Interestingly, inflammasomes are also involved in the homeostatic mutualism between host and commensals. In the intestine, one inflammasome function is to control the composition of the microbiota (36). The NLCP4 inflammasome, expressed by intestinal phagocytes in particular, plays a major role to discriminate between commensal and pathogenic microbes and initiate a harmful response to the latter (37). Thus, inflammasomes may have a variety of roles regulating homeostasis in the intestinal tract and microbial ecology preventing the emergence of pathobionts (25, 38). Inflammasome-deficient mice exhibited an aberrant microbial community that triggered an enhanced inflammatory reaction in the intestine (39). This microbial dysbiosis affected the physiology and pathophysiology both locally in the intestine and systemically and might contribute to the pathogenesis of intestinal bowel disease (10).

The NLRP3 inflammasome

NLRP3 is part of one of the best-studied inflammasome complexes.

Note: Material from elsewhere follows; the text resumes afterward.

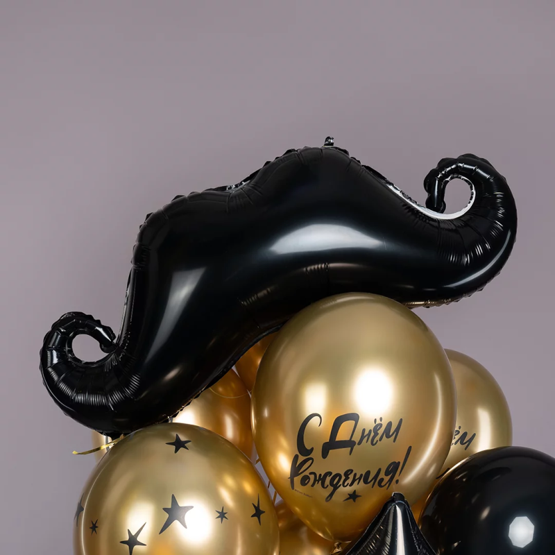 Шар (35''/89 см) Фигура, Усы, Черный, 1 шт., 15705

It consists of the NLRP3 scaffold, the ASC adaptor, and procaspase-1 (3). Two steps are required to activate the NLRP3 inflammasome (25). The first step is initiated by microbial ligands or endogenous cytokines and is needed to induce upregulation of NLRP3 protein expression (2, 40). NF-кB activation and reactive oxygen species (ROS) are required for this step. The second step is activation of NLRP3 by microbial stimuli or endogenous molecules (25). NLRP3 is activated by several microbial-derived ligands, including toxins (20, 37). The endogenous signals triggering NLRP3 activation include the danger signal ATP, fatty acids, particulate matter, necrosis, and necroptosis (reviewed by Hao et al. (25)). Also K+ efflux, lysosome function, endoplasmic reticulum (ER) stress, intracellular calcium, ubiquitination, microRNAs, and particularly ROS have been proposed (reviewed by Abais et al. (19)) (Fig. 2). ROS may serve a ‘kindling’ or triggering factor for activation of the NLRP3 inflammasome as well as ‘bonfire’ or ‘effector’ molecules leading to pathological processes (19).

Fig. 2.

Fig. 2

Activation of the NLRP3 inflammasome as a two-step mechanism. Primary signals come from activation of toll-like receptors (TLRs) which are responsible for the upregulation of NLRP3 and pro-interleukin-1β (IL-1β) in an NF-κB-dependent manner. Secondary signals come from several pathways: K+ efflux via P2X7 receptor activation via ATPe coupling, endoplasmic reticulum (ER) stress, mitochondrial dysfunction, NADPH oxidase, frustrated phagocytosis, and lysosomal rupture pathways. All these primary and secondary signals converge in the production of reactive oxygen species (ROS). (From ref. 19 with permission.)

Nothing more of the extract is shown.